Monday, August 08, 2005

Hombres de Telepropaganda

Hugo Chavez and Fidel Castro combine their broadcasting expertise, and attract 2% of Venezuelan viewers:

...Telesur, the brainchild of Cuban communist Fidel Castro and his ideological spawn Hugo Chávez. They say that it was created to both compete with foreign media conglomerates and offer a side of the news that is uniquely Latino. Independent, they say, from any voice but that of the people. The truth, however, is far from their propaganda platforms. Telesur is being funded by the leftist governments in Uruguay, Argentina, and Cuba, with Venezuela alone controlling 51% of the company. It will be housed in Caracas at the headquarters of Venezuela state media, where Chávez regularly opines for hours on end about impending imperialist invasion to the delight of only 2% of the Venezuelan public.

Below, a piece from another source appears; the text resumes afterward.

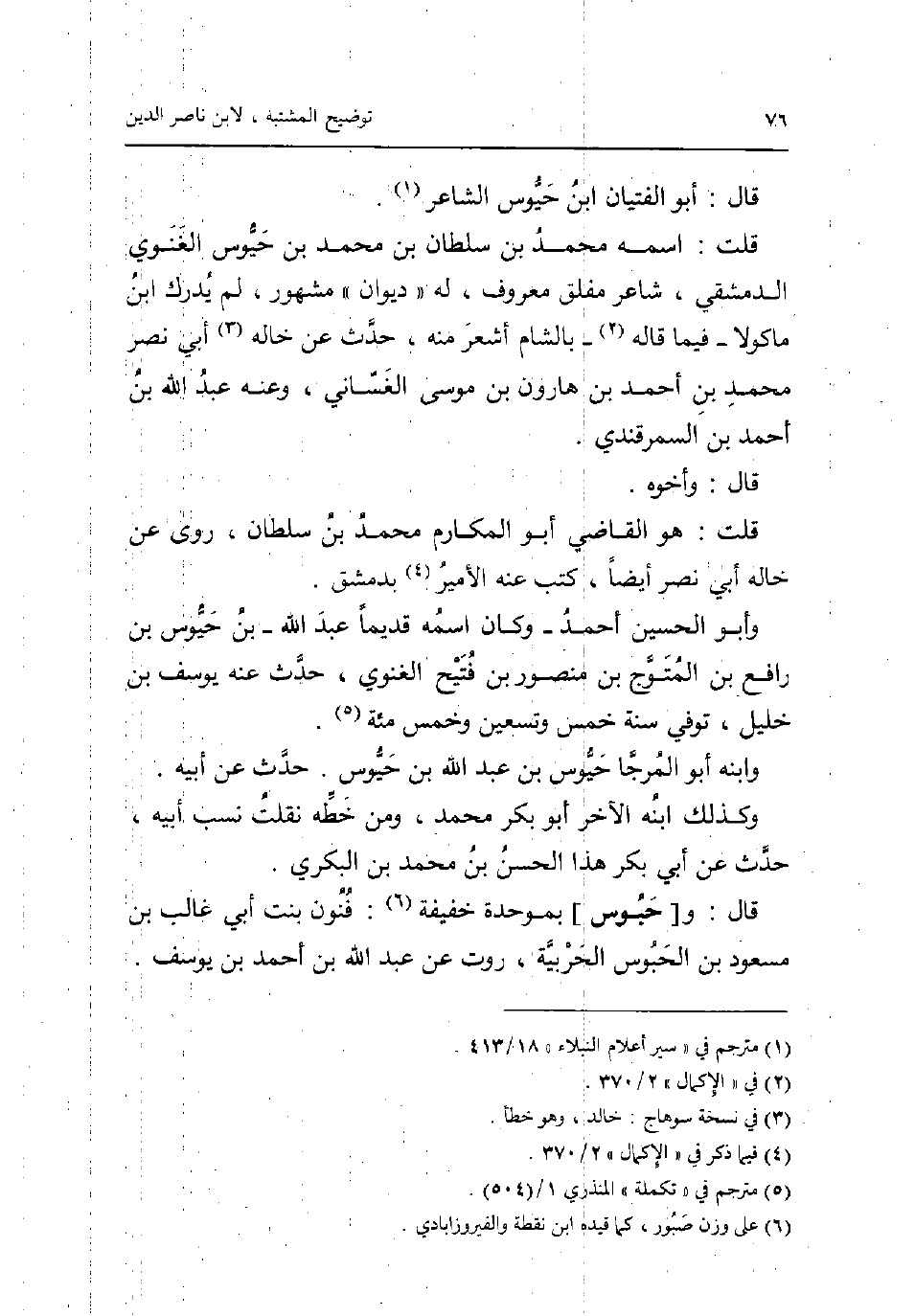 قَالَ: أَبُو الفتيان ابْن حيوس الشَّاعِر. قلت: اسْمه مُحَمَّد بن سُلْطَان بن مُحَمَّد بن حيوس الغنوي الدِّمَشْقِي شَاعِر مفلق مَعْرُوف لَهُ ديوَان مَشْهُور لم يدْرك ابْن مَاكُولَا - فِيمَا قَالَه - بِالشَّام أشعر مِنْهُ حدث عَن خَاله أبي نصر مُحَمَّد بن أَحْمد بن هَارُون بن مُوسَى الغساني وَعنهُ عبد الله بن أَحْمد بن السَّمرقَنْدِي. قَالَ: وَأَخُوهُ. قلت: هُوَ القَاضِي أَبُو المكارم مُحَمَّد بن سُلْطَان روى عَن خَاله أبي نصر أَيْضا كتب عَنهُ الْأَمِير بِدِمَشْق. وَأَبُو الْحُسَيْن أَحْمد - وَكَانَ اسْمه قَدِيما عبد الله - بن حيوس بن رَافع بن المتوج بن مَنْصُور بن فتيح الغنوي حدث عَنهُ يُوسُف بن خَلِيل توفّي سنة خمس وَتِسْعين وَخمْس مئة. وَابْنه أَبُو المرجا حيوس بن عبد الله بن حيوس. حدث عَن أَبِيه. وَكَذَلِكَ ابْنه الآخر أَبُو بكر مُحَمَّد وَمن خطه نقلت نسب أَبِيه حدث عَن أبي بكر هَذَا الْحسن بن مُحَمَّد بن الْبكْرِيّ. قَالَ: و [حبوس] بموحدة خَفِيفَة: فنون بنت أبي غَالب بن مَسْعُود بن الحبوس الحربية رَوَت عَن عبد الله بن أَحْمد بن يُوسُف.

Perhaps the cast of other characters involved helps explain that:

Chávez's recently resigned Minister of Information [and Propaganda] Andres Izarra will head the corporation, and the board will indeed be diverse. Pakistan-born British leftist Tariq Ali and French Le Monde Diplomatique editor Ignacio Ramonet will join the likes of Uruguayan writer by day, Marxist by night Eduardo Galeano. In another assurance of indisputable quality, Danny Glover, the star of such world-renowned films as "Lethal Weapon," will be in on the act.

Contributing last is infamous Marxist and Nobel Peace Prize winner Adolfo Perez Esquivel....

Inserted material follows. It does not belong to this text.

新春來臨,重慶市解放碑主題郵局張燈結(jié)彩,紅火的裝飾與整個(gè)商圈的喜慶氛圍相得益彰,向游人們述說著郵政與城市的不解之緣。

And look who else is part of the team:

At the end of April [Chavez] met with Castro and hundreds of regional communists in Havana before flying to Brazil for the first ever Arab-Latin America summit, where he met with the Qatari delegation to work on a deal to exchange footage and material with Al Jazeera, with whom Tariq Ali is connected. The deal is finally getting attention, earning Telesur the name "El Jazeera," for good reason.

As with all good dictators competition is discouraged:

...many [Venezuelan] stations and newspapers are practicing self-censorship because of inane laws making it constitutionally illegal to "offend or show disrespect for the president."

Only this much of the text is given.